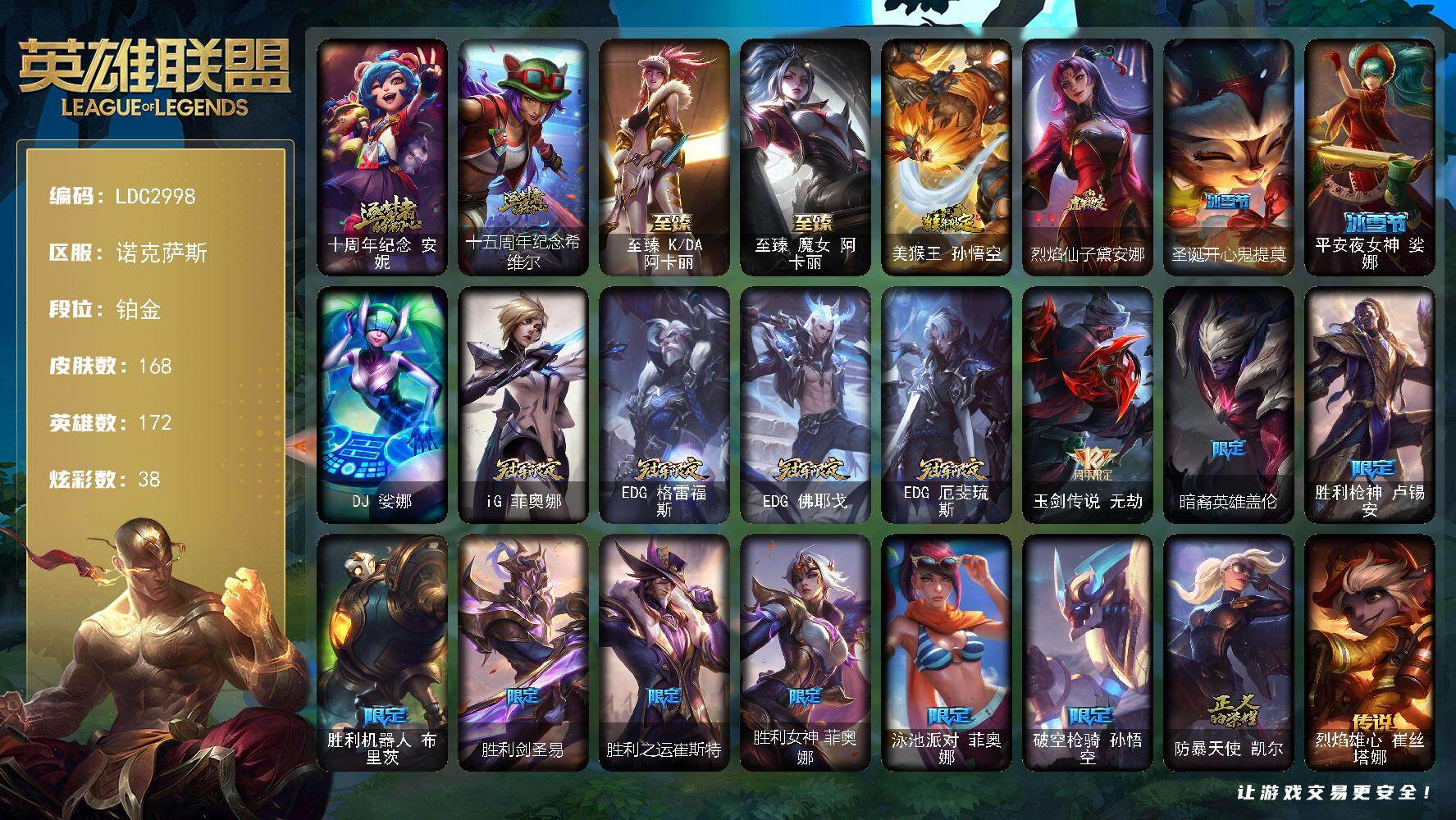 【603390】【LDC2998】172英雄/168皮肤/1终极/4神话/19限定/6臻彩/38炫彩/19传说/37史诗/铂金账号等级:702/十周年纪念安妮/十五周年纪念希维尔/至臻K/DA阿卡丽/至臻魔女阿卡丽/灵魂莲华锐雯流火/星之守护者卡莎热情之光/玉剑传说苍鸾丁香/幻灵战斗队长厄运小姐勇气赞歌/星之守护者阿卡丽未来之光/魔女阿卡丽虚荣/美猴王孙悟空/烈焰仙子黛安娜/圣诞开心鬼提莫/平安
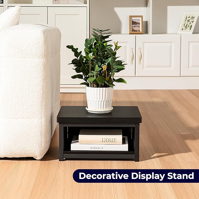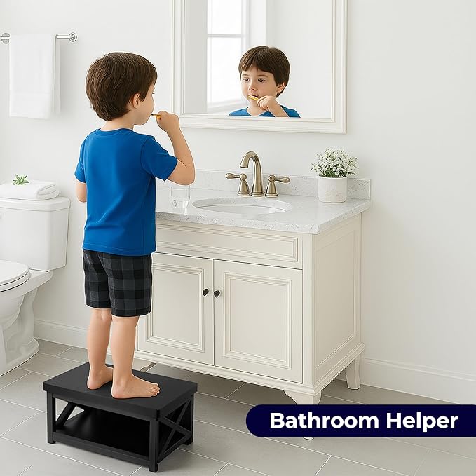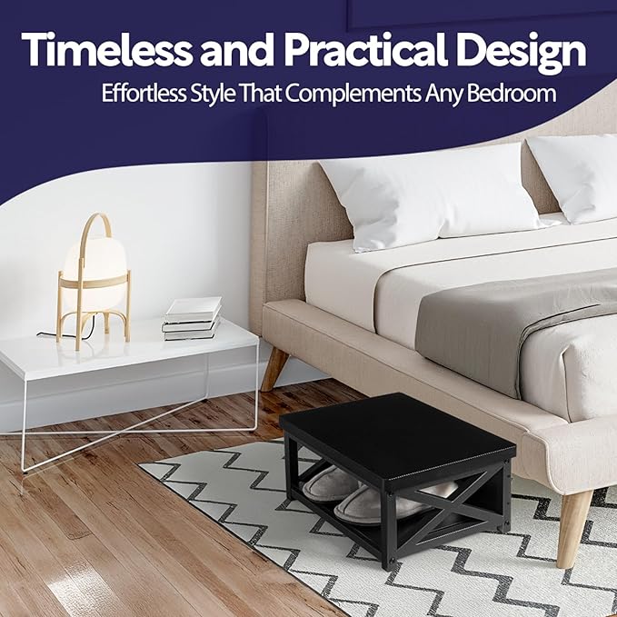- Elegant Decorative Design – Finished in a sleek black with X-frame side details, this decorative step stool blends with modern, rustic, or farmhouse interiors. Use it as a stylish wooden stepping stool or compact display stand.
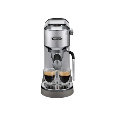 The iconic "Dedica"—now with cold brew coffee.The beloved "Dedica" series now lets you enjoy cold brew coffees, espressos, or creamy lattes from the comfort of your own home! Designed for true coffee enthusiasts, it offers an intuitive, user-friendly experience. The refreshed interface is larger, positioned at the top, and features vibrant touch icons for enhanced clarity. With its modern, eye-catching design, "Dedica Duo" is the ideal blend of style and functionality.DUAL COFFEE MENU: HOT & COLD"Dedica Duo" now brews both hot coffee drinks and the trendy cold brew coffee. Thanks to DeLonghi's exclusive "Cold Extraction" technology, you can enjoy a flawless cold brew cuppa at home, ready in under 5 minutes!"MY LATTEART" STEAM WANDFroth like a pro with the powerful "My LatteArt" steam wand, designed to help you craft flawless microfoam for authentic milk-based creations. The wand remains cool to the touch as well, making it easy to both use and clean.RENEWED INTERFACEEnjoy a truly seamless brewing experience with intuitive touch buttons and coloured icons. There are four different options for you to choose from: single espresso, double espresso, cold brew coffee, and milk foam. The iconic simplicity of "Dedica" has just gotten even better!READY TO USE IN SECONDSThanks to the "Advanced Thermoblock" heating system, "Dedica Duo" is ready to brew in just 25 seconds.15-BAR PRESSURE15-bar pump pressure ensures rich, aromatic espressos with a layer of velvety, nut-coloured crema on top.SUITED FOR TALL GLASSESThe improved drip tray and brewing unit accommodate taller glasses and cups that measure up to 13 cm in height, making this appliance perfect for cold brew and milk-based drinks.BOLDER ESPRESSOS WITH LARGER FILTER BASKETSSip café-style espressos at home thanks to the higher-capacity filter baskets, designed to accommodate up to 16 g of ground coffee. This allows for a richer, more aromatic espresso with a full body and flawless crema.COMPACT SIZEEnjoy a full barista experience in a sleek, compact, 15-cm-wide form guaranteed to blend seamlessly into any kitchen.ICONIC DESIGNWith its full-metal body and iconic Italian styling, "Dedica Duo" is bound to add a touch of elegance to your kitchen.HANDY ACCESSORIESIn addition to two different filters, the full set includes a metal tamper and a 250-ml stainless-steel milk jug, enabling you to start crafting café-quality beverages at home right away.
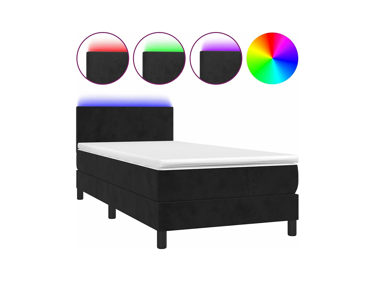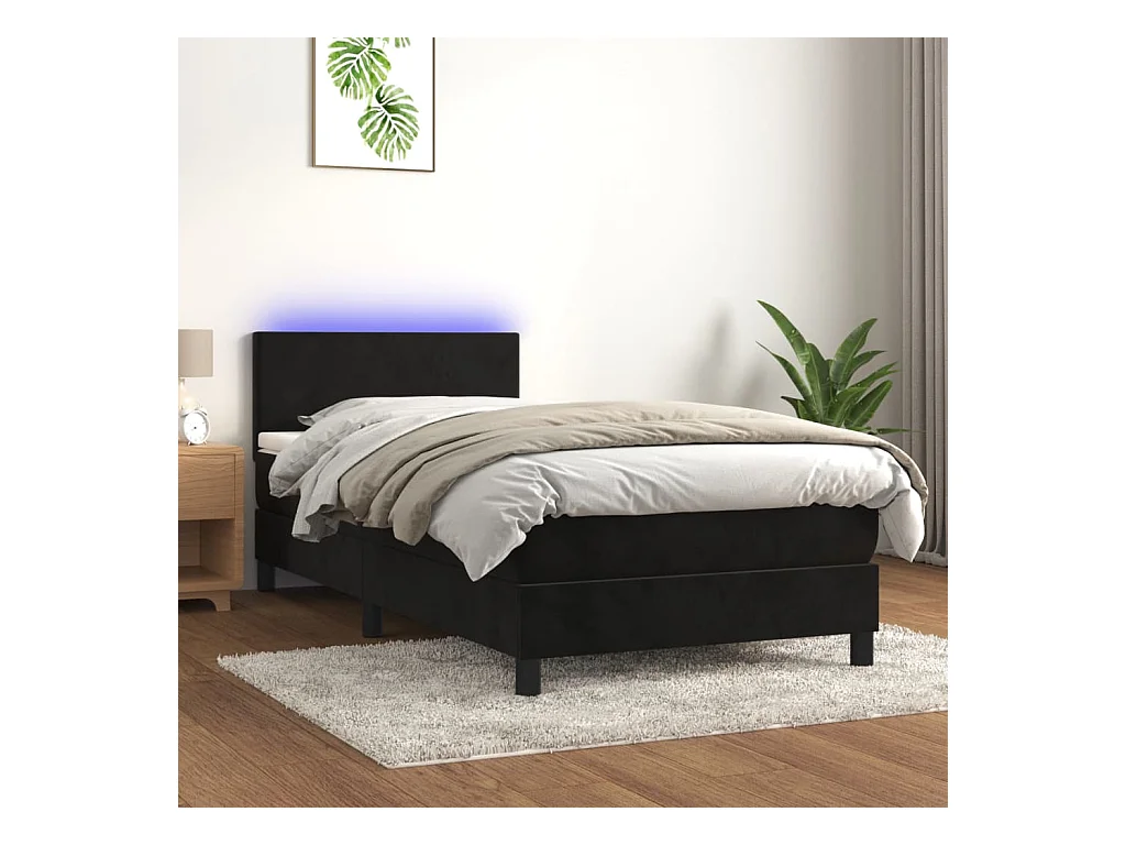 Conjunto Boxspring - 100x200 cm colchón y LED terciopelo negro ES863835
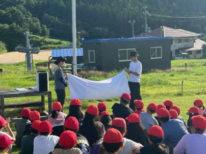 朝の集いです。ラジオ体操で身体を動かして、シーツの畳み方の説明を聞いて。今日は「立つ鳥跡を濁さず」の気持ちで身辺周りを片付けます。またお世話になった方々への感謝の気持ちを、態度や声に出して、過ごしていきましょうね。
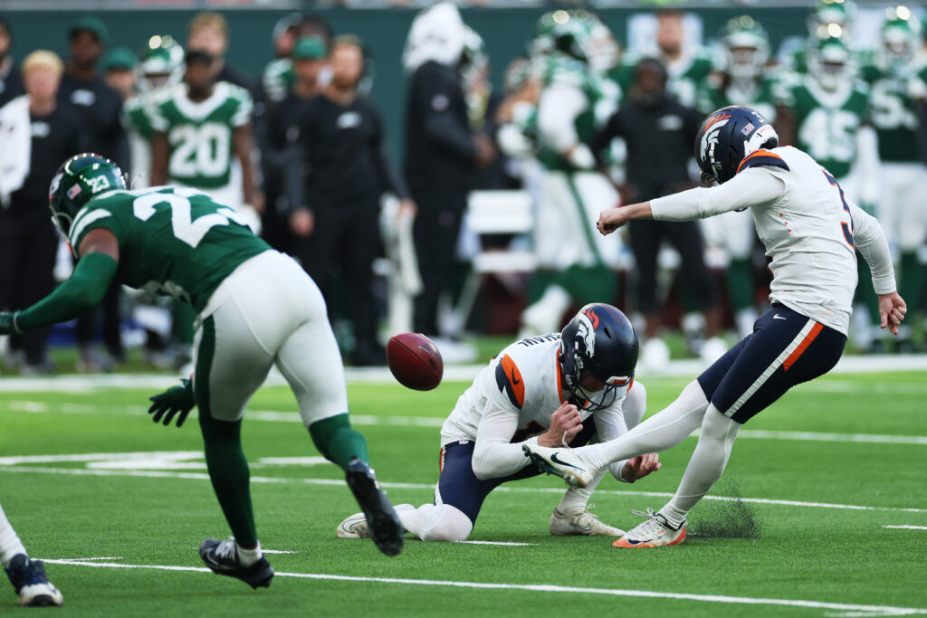 … to the NFL for trying to fit in with the locals. When in London, kick the ball. The Broncos and Jets combining for 13 punts and five field goals will be the lasting memory of the NFL’s latest foray into soccer country, but this snoozer was forgettable. What were the odds on tight end Nate Adkins scoring the only touchdown? Perhaps the NFL guys saw the contract of Erling Haaland, whose weekly income is $610,000 for kicking balls with Manchester City.

▬▬▬▬▬▬

Pictures are to be left out. Everything else in the records must be written out exactly.

 【603390】【LDC2998】172英雄/168皮肤/1终极/4神话/19限定/6臻彩/38炫彩/19传说/37史诗/铂金账号等级:702/十周年纪念安妮/十五周年纪念希维尔/至臻K/DA阿卡丽/至臻魔女阿卡丽/灵魂莲华锐雯流火/星之守护者卡莎热情之光/玉剑传说苍鸾丁香/幻灵战斗队长厄运小姐勇气赞歌/星之守护者阿卡丽未来之光/魔女阿卡丽虚荣/美猴王孙悟空/烈焰仙子黛安娜/圣诞开心鬼提莫/平安
- Elegant Decorative Design – Finished in a sleek black with X-frame side details, this decorative step stool blends with modern, rustic, or farmhouse interiors. Use it as a stylish wooden stepping stool or compact display stand.
 The iconic "Dedica"—now with cold brew coffee.The beloved "Dedica" series now lets you enjoy cold brew coffees, espressos, or creamy lattes from the comfort of your own home! Designed for true coffee enthusiasts, it offers an intuitive, user-friendly experience. The refreshed interface is larger, positioned at the top, and features vibrant touch icons for enhanced clarity. With its modern, eye-catching design, "Dedica Duo" is the ideal blend of style and functionality.DUAL COFFEE MENU: HOT & COLD"Dedica Duo" now brews both hot coffee drinks and the trendy cold brew coffee. Thanks to DeLonghi's exclusive "Cold Extraction" technology, you can enjoy a flawless cold brew cuppa at home, ready in under 5 minutes!"MY LATTEART" STEAM WANDFroth like a pro with the powerful "My LatteArt" steam wand, designed to help you craft flawless microfoam for authentic milk-based creations. The wand remains cool to the touch as well, making it easy to both use and clean.RENEWED INTERFACEEnjoy a truly seamless brewing experience with intuitive touch buttons and coloured icons. There are four different options for you to choose from: single espresso, double espresso, cold brew coffee, and milk foam. The iconic simplicity of "Dedica" has just gotten even better!READY TO USE IN SECONDSThanks to the "Advanced Thermoblock" heating system, "Dedica Duo" is ready to brew in just 25 seconds.15-BAR PRESSURE15-bar pump pressure ensures rich, aromatic espressos with a layer of velvety, nut-coloured crema on top.SUITED FOR TALL GLASSESThe improved drip tray and brewing unit accommodate taller glasses and cups that measure up to 13 cm in height, making this appliance perfect for cold brew and milk-based drinks.BOLDER ESPRESSOS WITH LARGER FILTER BASKETSSip café-style espressos at home thanks to the higher-capacity filter baskets, designed to accommodate up to 16 g of ground coffee. This allows for a richer, more aromatic espresso with a full body and flawless crema.COMPACT SIZEEnjoy a full barista experience in a sleek, compact, 15-cm-wide form guaranteed to blend seamlessly into any kitchen.ICONIC DESIGNWith its full-metal body and iconic Italian styling, "Dedica Duo" is bound to add a touch of elegance to your kitchen.HANDY ACCESSORIESIn addition to two different filters, the full set includes a metal tamper and a 250-ml stainless-steel milk jug, enabling you to start crafting café-quality beverages at home right away.
 Conjunto Boxspring - 100x200 cm colchón y LED terciopelo negro ES863835
 朝の集いです。ラジオ体操で身体を動かして、シーツの畳み方の説明を聞いて。今日は「立つ鳥跡を濁さず」の気持ちで身辺周りを片付けます。またお世話になった方々への感謝の気持ちを、態度や声に出して、過ごしていきましょうね。
 … to the NFL for trying to fit in with the locals. When in London, kick the ball. The Broncos and Jets combining for 13 punts and five field goals will be the lasting memory of the NFL’s latest foray into soccer country, but this snoozer was forgettable. What were the odds on tight end Nate Adkins scoring the only touchdown? Perhaps the NFL guys saw the contract of Erling Haaland, whose weekly income is $610,000 for kicking balls with Manchester City.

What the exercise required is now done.